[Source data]
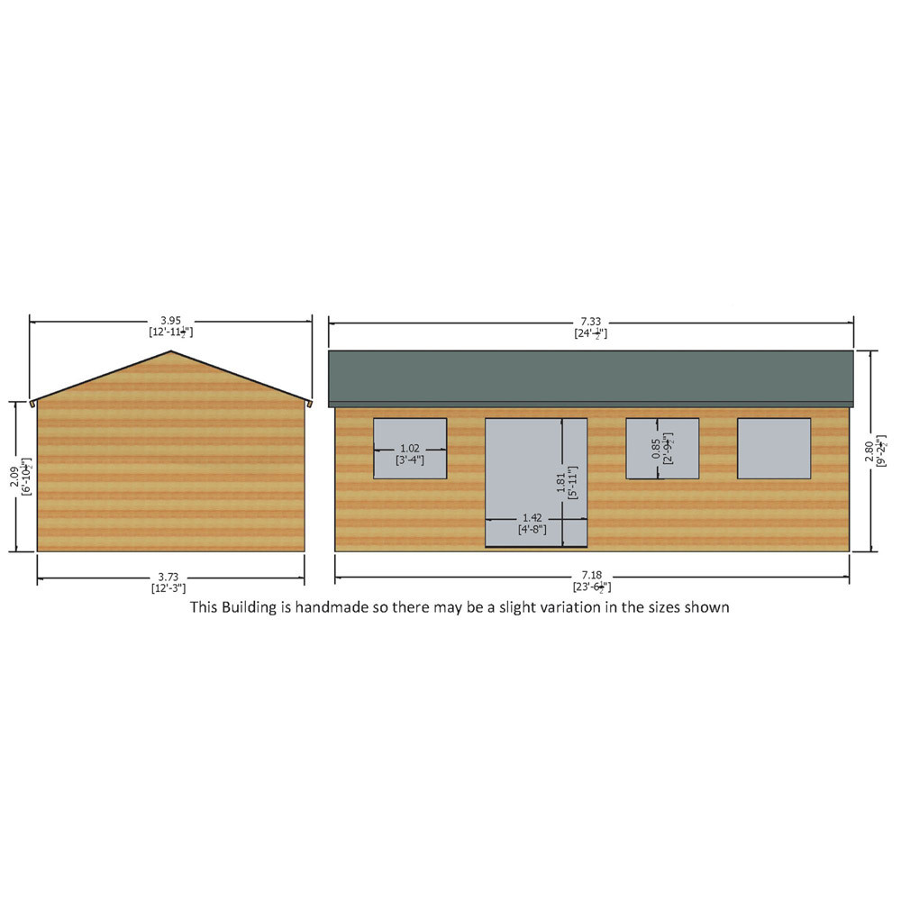 The Mammoth Loglap Apex Workshop Shed has top-hung windows that feature 3mm thick storm-resistant glass, which allows natural light to flood into the building. With double doors, individuals can easily access the workshop and store large equipment inside with minimal hassle. The ceiling has a minimum height of 6ft (at the eaves), so headroom won't be an issue. You can move around your workshop freely and comfortably without having to stoop or bend.
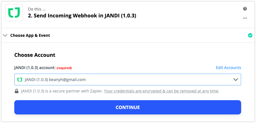 Action Event는 자동으로 Send Incoming Webhook으로 선택됩니다. 완료 후 [CONTINUE] 버튼을 클릭해 다음 단계로 넘어갑니다.
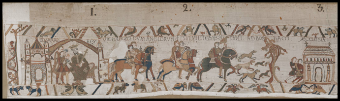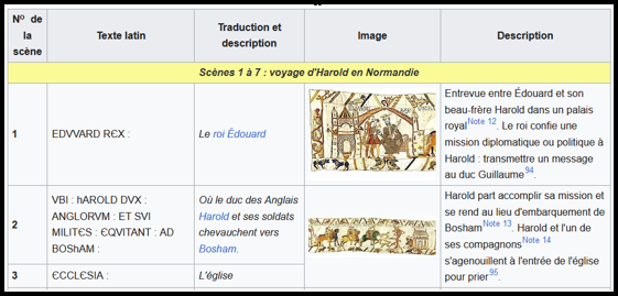 Cette reproduction de 2024 représente les scènes 1-2-3 de la tapisserie de Bayeux. Voici les explications de ces 3 scènes (selon un document source Wikipédia).
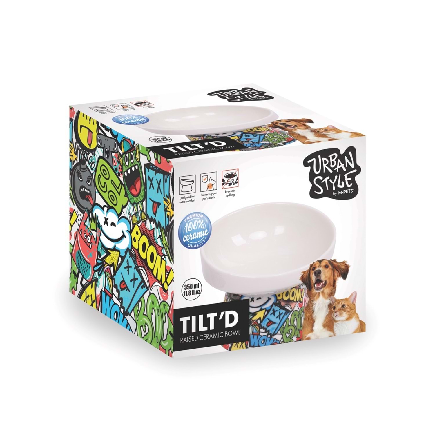M-PETS URBANSTYLE TILT’D, modern eğimli yapısıyla evcil hayvanların mama ve atıştırmalıkları daha rahat tüketmesini sağlar. Yükseltilmiş ve kavisli seramik tasarımı sayesinde boyun zorlanmasını azaltır ve ergonomik bir kullanım sunar. Kaymaz tabanı ve kolay temizlenebilir seramik yüzeyiyle hem hijyenik hem de pratiktir. Bulaşık makinesinde yıkanabilir. Mama ve atıştırmalıklar için idealdir.
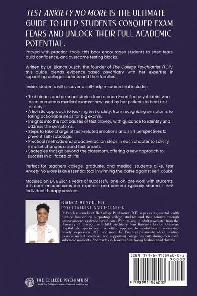 Test Anxiety No More is the ultimate guide to help students conquer exam fears and unlock their full academic potential. Packed with practical tools, this book encourages students to shed fears, build confidence, and overcome testing blocks. Written by Dr. Bianca Busch, the founder of The College Psychiatrist (TCP) , this guide blends evidence-based psychiatry with her expertise in supporting college students and their families. Inside, students will discover a self-help resource that includes: Techniques and personal stories from a board-certified psychiatrist who aced numerous medical exams-now used by her patients to beat test anxiety!A holistic approach to tackling test anxiety, from recognizing symptoms to taking actionable steps for big exams.Insights into the root causes of test anxiety, with guidance to identify and address the symptoms.Steps to take charge of test-related emotions and shift perspectives to prevent self-sabotage.Practical methods and proactive action steps in each chapter to solidify mindset changes around test anxiety.Strategies that go beyond the classroom, offering a new approach to success in all facets of life! Perfect for teachers, college, graduate, and medical students alike, Test Anxiety No More is an essential tool in winning the battle against self-doubt. Modeled on Dr. Busch's years of successful one-on-one work with students, this book encapsulates the expertise and content typically shared in 6-8 individual therapy sessions. Bianca Busch, M.D., is the founder of The College Psychiatrist (TCP), a pioneering mental health practice focused on supporting college students and their families through compassionate, evidence-based care. With training in adult psychiatry from the University of Chicago and child psychiatry from Harvard's Boston Children's Hospital, she specializes in a holistic approach to mental health, addressing anxiety, depression, OCD, and more. Dr. Busch is passionate about creating inclusive mental healthcare and supporting college students during their most vulnerable moments. She resides in Texas with her loving husband and children.
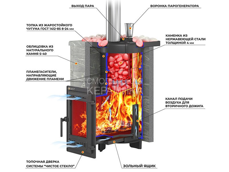 Банная печь предназначена для нагрева помещений и получения пара в парных . Печь изготовлена из Жаростойкого чугуна и отличается интересной конструкцией. Толщина топки составляет от 8 до 24 мм, в зависимости от детали печи (наиболее термонагруженные участки имеют большую толщину чугуна). Топочная камера печи – сборная, состоит из трёх деталей, соединяемых между собой на болтах. Вертикальные швы по краю деталей соединяются по принципу паз-гребень, что обеспечивает высокую герметичность топки и минимальную деформацию даже при длительном нагреве.
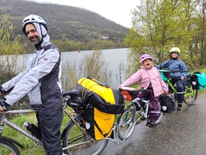 Requinqués, nous profitons de cette étape pour changer les vélos. Estelle galère avec le follow-me (système qui permet de mettre Lucie en tandem sur le vélo d’un adulte) alors qu’elle n’avait pas rencontré de problèmes les dernières fois que nous étions partis. Mais depuis, Lucie a grandi, elle a changé de vélo et on a plein de sacoches en plus. Le follow-me ira sur mon vélo et Estelle tractera la remorque pleine de matériel.
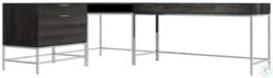 Coleman Collection from Bernhardt. Cinder finish on wood. Grey Mist finish on metal. Polished Stainless Steel base outlet with two USB ports included. Adjustable glides.
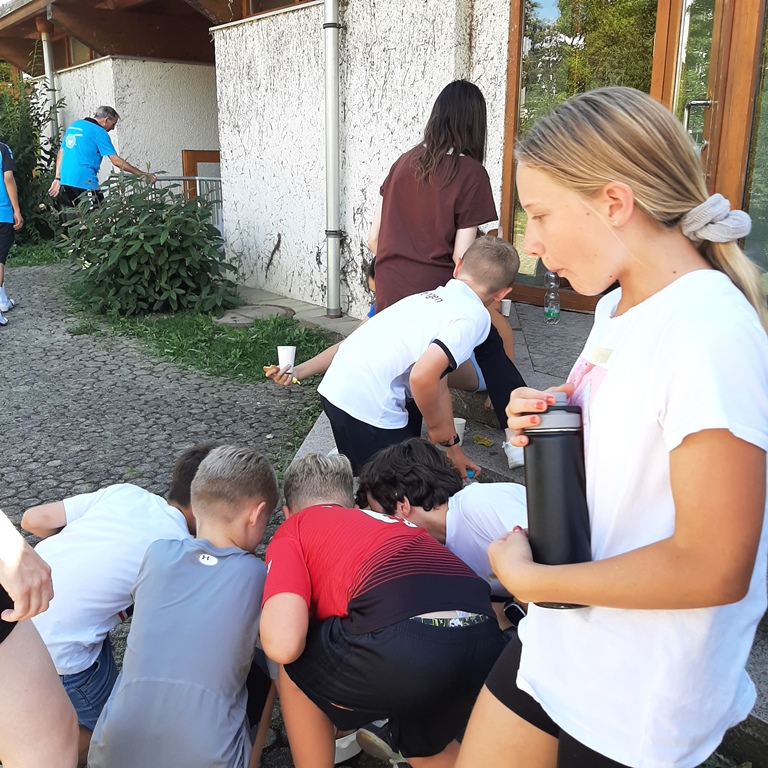 Die Übungen sollten auf das freie Spielen und das Abschlussspiel „Mäxle“ vorbereiten. Das Hit & Run Spiel, bei dem jede Spielerin und jeder Spieler seine drei Leben so lange wie möglich verteidigen musste, sorgte zwar für viel Gewimmel, aber es war deutlich erkennbar, wie die Kids immer besser trafen und schneller wurden.
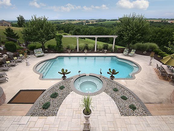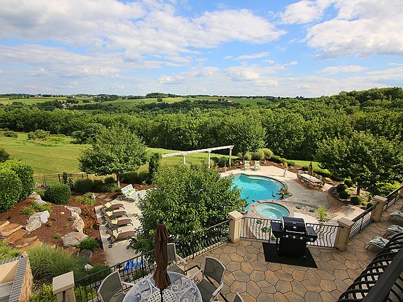 Italianate architecture is evident in this classic custom built estate with Tuscany type views of the hillsides & valleys. Situated on a hill for a dramatic elevation with pronounced landscaping designed for a private villa feel. This home is sumptuous, beautiful and proudly exhibits its own class. The entrance is dramatic, proud & inviting in a very classy way. Marble foyer and curved staircase with pewter railings, an enormous kitchen, cherry paneled office, massive gold leaf fireplace & wall of windows of the great room look out onto the open view. Stunning views from the outdoor kitchen of the entertaining complex with pool, Jacuzzi, arbors, columns & seating areas. 7 bedrooms, 7 baths, 4 car garage, radiant heat. Fully finished walk out lower level includes a gym, theater, gorgeous cherry paneled bar area, game & media room. There is 45 acres that could be for sale w/ this property. Land could be developed to 3 lots that would not affect the privacy of this property.
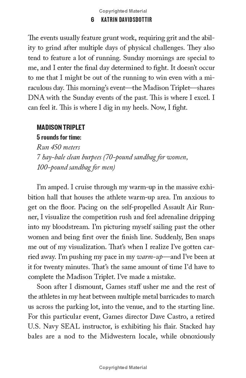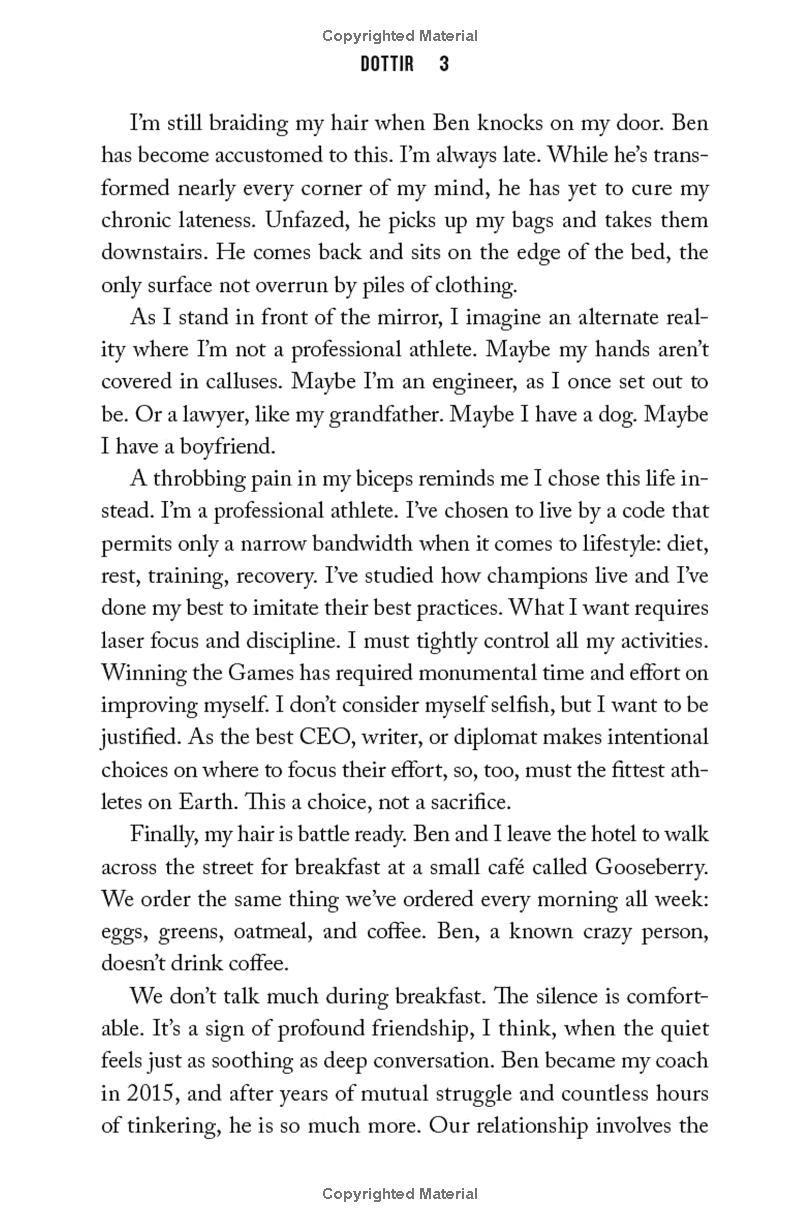 Dottir is two-time consecutive CrossFit Games Champion Katrin Davidsdottir's inspiring and poignant memoir. As one of only two women in history to have won the title of “Fittest Woman on Earth” twice, Davidsdottir knows all about the importance of mental and physical strength. She won the title in 2015, backing it up with a second win in 2016, after starting CrossFit in just 2011. A gymnast as a youth, Davidsdottir wanted to try new challenges and found a love of CrossFit. But it hasn't been a smooth rise to the top. In 2014, just one year before taking home the gold, she didn't qualify for the Games. She used that loss as motivation and fuel for training harder and smarter for the 2015 Games. She pushed herself and refocused her mental game. Her hard work and perseverance paid off with her return to the Games and subsequent victories in 2015 and 2016. In Dottir, Davidsdottir shares her journey with readers. She details her focus on training, goal setting, nutrition, and mental toughness.
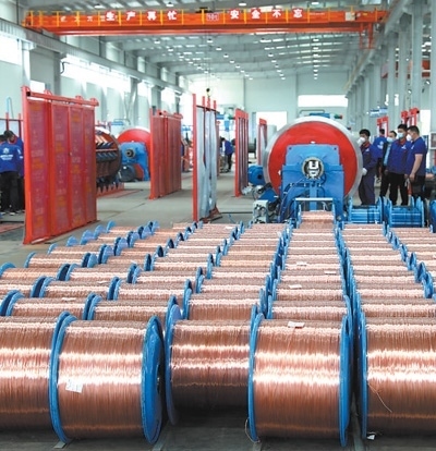 固達(dá)電線電纜(集團(tuán))有限公司二期新能源線纜車間內(nèi)整齊擺放著銅導(dǎo)體。以上圖片均為本報(bào)記者陳尚文攝
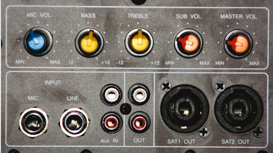 - Separata volymjusteringar för subwoofer och satellit.

Task requirements >> From the first line above to the last, copy the records exactly but omit the pictures.

Exercise answer >>
 The Mammoth Loglap Apex Workshop Shed has top-hung windows that feature 3mm thick storm-resistant glass, which allows natural light to flood into the building. With double doors, individuals can easily access the workshop and store large equipment inside with minimal hassle. The ceiling has a minimum height of 6ft (at the eaves), so headroom won't be an issue. You can move around your workshop freely and comfortably without having to stoop or bend.
 Action Event는 자동으로 Send Incoming Webhook으로 선택됩니다. 완료 후 [CONTINUE] 버튼을 클릭해 다음 단계로 넘어갑니다.
 Cette reproduction de 2024 représente les scènes 1-2-3 de la tapisserie de Bayeux. Voici les explications de ces 3 scènes (selon un document source Wikipédia).
M-PETS URBANSTYLE TILT’D, modern eğimli yapısıyla evcil hayvanların mama ve atıştırmalıkları daha rahat tüketmesini sağlar. Yükseltilmiş ve kavisli seramik tasarımı sayesinde boyun zorlanmasını azaltır ve ergonomik bir kullanım sunar. Kaymaz tabanı ve kolay temizlenebilir seramik yüzeyiyle hem hijyenik hem de pratiktir. Bulaşık makinesinde yıkanabilir. Mama ve atıştırmalıklar için idealdir.
 Test Anxiety No More is the ultimate guide to help students conquer exam fears and unlock their full academic potential. Packed with practical tools, this book encourages students to shed fears, build confidence, and overcome testing blocks. Written by Dr. Bianca Busch, the founder of The College Psychiatrist (TCP) , this guide blends evidence-based psychiatry with her expertise in supporting college students and their families. Inside, students will discover a self-help resource that includes: Techniques and personal stories from a board-certified psychiatrist who aced numerous medical exams-now used by her patients to beat test anxiety!A holistic approach to tackling test anxiety, from recognizing symptoms to taking actionable steps for big exams.Insights into the root causes of test anxiety, with guidance to identify and address the symptoms.Steps to take charge of test-related emotions and shift perspectives to prevent self-sabotage.Practical methods and proactive action steps in each chapter to solidify mindset changes around test anxiety.Strategies that go beyond the classroom, offering a new approach to success in all facets of life! Perfect for teachers, college, graduate, and medical students alike, Test Anxiety No More is an essential tool in winning the battle against self-doubt. Modeled on Dr. Busch's years of successful one-on-one work with students, this book encapsulates the expertise and content typically shared in 6-8 individual therapy sessions. Bianca Busch, M.D., is the founder of The College Psychiatrist (TCP), a pioneering mental health practice focused on supporting college students and their families through compassionate, evidence-based care. With training in adult psychiatry from the University of Chicago and child psychiatry from Harvard's Boston Children's Hospital, she specializes in a holistic approach to mental health, addressing anxiety, depression, OCD, and more. Dr. Busch is passionate about creating inclusive mental healthcare and supporting college students during their most vulnerable moments. She resides in Texas with her loving husband and children.
 Банная печь предназначена для нагрева помещений и получения пара в парных . Печь изготовлена из Жаростойкого чугуна и отличается интересной конструкцией. Толщина топки составляет от 8 до 24 мм, в зависимости от детали печи (наиболее термонагруженные участки имеют большую толщину чугуна). Топочная камера печи – сборная, состоит из трёх деталей, соединяемых между собой на болтах. Вертикальные швы по краю деталей соединяются по принципу паз-гребень, что обеспечивает высокую герметичность топки и минимальную деформацию даже при длительном нагреве.
 Requinqués, nous profitons de cette étape pour changer les vélos. Estelle galère avec le follow-me (système qui permet de mettre Lucie en tandem sur le vélo d’un adulte) alors qu’elle n’avait pas rencontré de problèmes les dernières fois que nous étions partis. Mais depuis, Lucie a grandi, elle a changé de vélo et on a plein de sacoches en plus. Le follow-me ira sur mon vélo et Estelle tractera la remorque pleine de matériel.
 Coleman Collection from Bernhardt. Cinder finish on wood. Grey Mist finish on metal. Polished Stainless Steel base outlet with two USB ports included. Adjustable glides.
 Die Übungen sollten auf das freie Spielen und das Abschlussspiel „Mäxle“ vorbereiten. Das Hit & Run Spiel, bei dem jede Spielerin und jeder Spieler seine drei Leben so lange wie möglich verteidigen musste, sorgte zwar für viel Gewimmel, aber es war deutlich erkennbar, wie die Kids immer besser trafen und schneller wurden.
 Italianate architecture is evident in this classic custom built estate with Tuscany type views of the hillsides & valleys. Situated on a hill for a dramatic elevation with pronounced landscaping designed for a private villa feel. This home is sumptuous, beautiful and proudly exhibits its own class. The entrance is dramatic, proud & inviting in a very classy way. Marble foyer and curved staircase with pewter railings, an enormous kitchen, cherry paneled office, massive gold leaf fireplace & wall of windows of the great room look out onto the open view. Stunning views from the outdoor kitchen of the entertaining complex with pool, Jacuzzi, arbors, columns & seating areas. 7 bedrooms, 7 baths, 4 car garage, radiant heat. Fully finished walk out lower level includes a gym, theater, gorgeous cherry paneled bar area, game & media room. There is 45 acres that could be for sale w/ this property. Land could be developed to 3 lots that would not affect the privacy of this property.
 Dottir is two-time consecutive CrossFit Games Champion Katrin Davidsdottir's inspiring and poignant memoir. As one of only two women in history to have won the title of “Fittest Woman on Earth” twice, Davidsdottir knows all about the importance of mental and physical strength. She won the title in 2015, backing it up with a second win in 2016, after starting CrossFit in just 2011. A gymnast as a youth, Davidsdottir wanted to try new challenges and found a love of CrossFit. But it hasn't been a smooth rise to the top. In 2014, just one year before taking home the gold, she didn't qualify for the Games. She used that loss as motivation and fuel for training harder and smarter for the 2015 Games. She pushed herself and refocused her mental game. Her hard work and perseverance paid off with her return to the Games and subsequent victories in 2015 and 2016. In Dottir, Davidsdottir shares her journey with readers. She details her focus on training, goal setting, nutrition, and mental toughness.
 固達(dá)電線電纜(集團(tuán))有限公司二期新能源線纜車間內(nèi)整齊擺放著銅導(dǎo)體。以上圖片均為本報(bào)記者陳尚文攝
 - Separata volymjusteringar för subwoofer och satellit.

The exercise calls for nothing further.